How to complete this task: Pictures stay out. Extract the lines below from the first one through the line with "Die Automatisierungswelt wandelt", both included.

The data:
····················
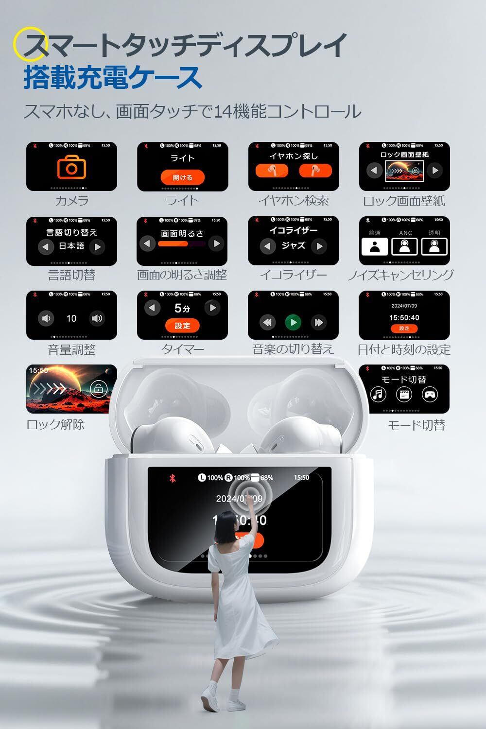 【スマートタッチケース、14機能簡単操作でイヤホン探しも安心】 従来のワイヤレスイヤホンケースとは違い、スマートタッチディスプレイ搭載充電ケースを採用。スマホなしで14機能(音楽切替/ノイズキャンセリング/外音取込/音量調整/イヤホン探し/イコライザー設定/ロック画面壁紙/ライト点灯/タイマー/画面明るさ調整/言語切替/日時設定/ロック解除/バッテリー残量表示)をサッと操作可能。 イヤホン探し機能で万が一紛失しても安心。通勤電車内やスポーツ中でもケースだけで直感操作でき、小型/軽量なデザインで携帯性も抜群。毎日の使い心地が格段に向上します。
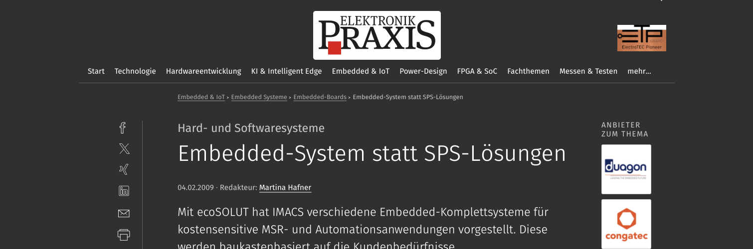 Die Automatisierungswelt wandelt sich: Embedded Systeme gewinnen zunehmend an Bedeutung gegenüber herkömmlichen SPS-Lösungen. Ein aktueller Fachartikel auf elektronikpraxis.de beleuchtet diesen Trend ausführlich und erklärt, wie Embedded Systeme in puncto Flexibilität, Leistungsfähigkeit und Integration neue Möglichkeiten eröffnen.
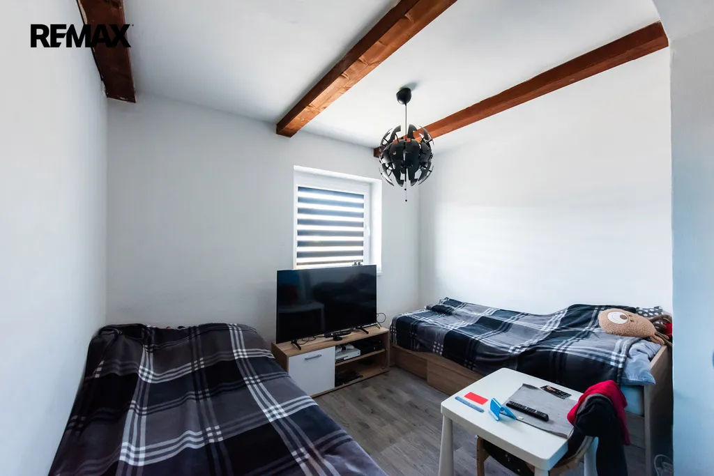 • V 1. NP samostatná jednotka o dispozici 4+kk, s koupelnou a WC o podlahové ploše 83,5 m2 se vstupem do obytného podkroví s obytnou plochou cca 60 m2 s možností další rozšíření na ubytovací prostory
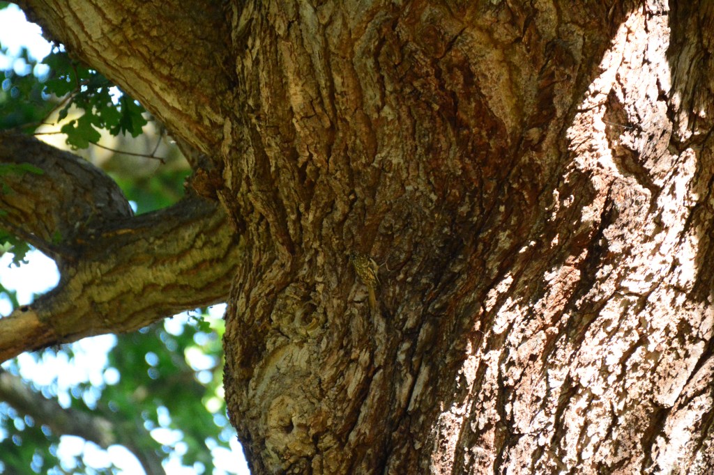 在粗大的树干上,我们发现了旋木雀。他的体色与树干极为相似,有着特殊觅食习惯,他们会沿着树干自下而上呈螺旋状攀缘,用细长且略向下弯曲的嘴,不放过每一个角落仔细寻找树皮中的昆虫,一旦爬至树梢,则俯冲到另一新树的底部继续攀爬。
····················
Exercise response:
 【スマートタッチケース、14機能簡単操作でイヤホン探しも安心】 従来のワイヤレスイヤホンケースとは違い、スマートタッチディスプレイ搭載充電ケースを採用。スマホなしで14機能(音楽切替/ノイズキャンセリング/外音取込/音量調整/イヤホン探し/イコライザー設定/ロック画面壁紙/ライト点灯/タイマー/画面明るさ調整/言語切替/日時設定/ロック解除/バッテリー残量表示)をサッと操作可能。 イヤホン探し機能で万が一紛失しても安心。通勤電車内やスポーツ中でもケースだけで直感操作でき、小型/軽量なデザインで携帯性も抜群。毎日の使い心地が格段に向上します。
 Die Automatisierungswelt wandelt sich: Embedded Systeme gewinnen zunehmend an Bedeutung gegenüber herkömmlichen SPS-Lösungen. Ein aktueller Fachartikel auf elektronikpraxis.de beleuchtet diesen Trend ausführlich und erklärt, wie Embedded Systeme in puncto Flexibilität, Leistungsfähigkeit und Integration neue Möglichkeiten eröffnen.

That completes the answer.